Sometimes I forget that my kids experience things in a different perspective than I do. For me, I think about how I wasn’t supposed to be raising two kids alone, how all the important decisions fall on me, how I alone am responsible for the health and well being of myself and my kids. My kids see it from the perspective of their dad is always missing...from the everyday to the really important things. Every once in a while, they knock me down with a random comment. It might be said in anger, or hurt, or frustration, or loneliness, but it feels the same. Like I am letting them down. Like I will never be enough. Like I am screwing them up somehow. I have to remind myself that they feel the same sense of missing, of loss, that I do, only from a child’s perspective. My 9 year old angrily reminded me yesterday “you don’t know what it’s like not to have a dad since you were 3 years old!!” And he’s right. I don’t. It broke my heart in ways unimagineable.
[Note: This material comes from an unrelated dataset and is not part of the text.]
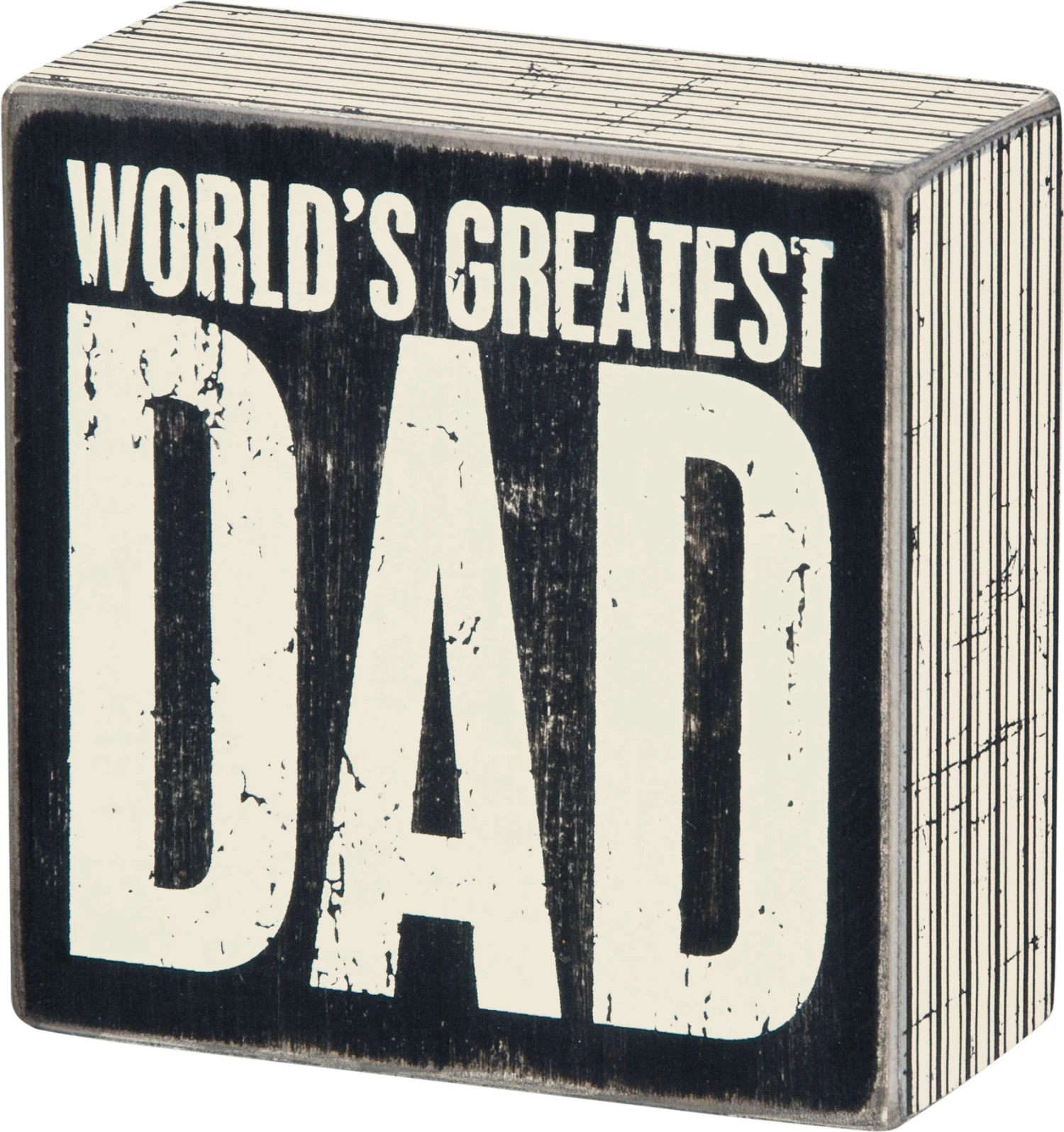 A classic black and white wooden box sign featuring a distressed “World’s Greatest Dad” sentiment with striped trim designs. Easy to hang or can free-stand alone.

I worry about my children. I wonder if they will turn out to be the same kids they would have had their dad not died? Will they grow up with anxiety, stress, sadness or fear they would not have if he was here? Will they be stronger and more independent? Will they have trust issues? Will they be more or less emotional? It’s a slippery slope to imagine the what ifs of how our lives would have turned out were he still here versus the one we have because he isn’t. So I have to stop myself and focus on the here and now. And it sucks.

In the next few months, I have to decide what high school to send my oldest to next fall. There are financial worries, concerns about what school will provide the best education, logistics of how I am going to get 2 children to two different schools on a daily basis, and the stress it will cause on all of us. The older they get, the harder it becomes to do this “solo parenting” alone. They are getting older, but the responsibility that it brings increases. Yes, they are more independent in the day to day things like being able to make their own lunches or help around the house or complete homework more independently, yet as they get older, they require more guidance on things of more significant importance. They are getting to the age where having a male influence becomes more important. And it’s just me. And I do the best I can, but it often times doesn’t feel like enough. My heart breaks for them.
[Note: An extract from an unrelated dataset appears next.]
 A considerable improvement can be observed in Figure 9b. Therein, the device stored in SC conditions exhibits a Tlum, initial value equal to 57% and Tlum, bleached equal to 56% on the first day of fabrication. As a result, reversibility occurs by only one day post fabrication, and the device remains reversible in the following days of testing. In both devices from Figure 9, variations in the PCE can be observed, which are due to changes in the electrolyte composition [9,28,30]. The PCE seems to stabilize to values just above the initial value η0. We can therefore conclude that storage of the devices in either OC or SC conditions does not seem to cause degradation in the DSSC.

I am weary. And scared. And lonely. And fearful. It’s just me in all the important decisions to come, all the things I have to consider regarding their future. We have less than 6 months to figure it out. It makes me feel weak, inadequate, and scared I’ll do something wrong that will make it even more difficult than it already has been for my kids. And yet I trudge forward, trying to feel confident in the only person I can rely on: me, myself and I. The three of us have a lot responsibility, and a lot to accomplish. I hope we get it right.

Comments

Diana, I have all the same worries, fears, etc. My oldest is a senior in high school so we are entering into the college search, road trips, application process. I am so scared. My husband was supposed to be the one in charge of this...and of course, my daughter wants to attend his alumnus. My other child just got her driver's permit and the youngest is on the brink of teen hood. With every teenage battle, limit pushing, stress, poor decision making, poor friend choices, I wonder whether or not we would be having the same issues if my husband was still here to help steer the ship. There are good kids, but there are struggles, and I second guess myself, a lot. I know we would be doing a better job parenting, guiding and disciplining if we were still a 'team'. I don't know at what point we will be able to look back and think "I did o.k." but I do hope that moment will come someday...at the end of all of our parenting alone journeys.
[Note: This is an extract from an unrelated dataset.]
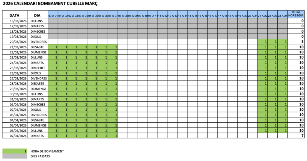 Iniciarem el bombament de Cubells avui divendres de 21 h a 7h del dia següent (10 h/dia). Farem aquest horari fins dilluns 06/04 (passat Setmana Santa). A partir d’alli s’haurà de fer petició de nou.

Hi Diana I just wanted to let you know that your post really hit home. I also am raising 2 boys and have the exact same worries, wonders and heart aches. My boys are now 4 and 5. I constantly worry about them and also wonder how they will turn out. I think of them missing their dad and how sad it is to watch my kids grieve. My boys also say things to me out of anger. I know it is their grieve. I feel helpless. I can't fix it. You did a great job exexpressing yourself. I can totally relate. Thanks for posting. Our lives are a mystery and I agree we have a tremendous amount of responsibility. I too feel scared loney and fearful but you are right the best we can do is hope we get it right.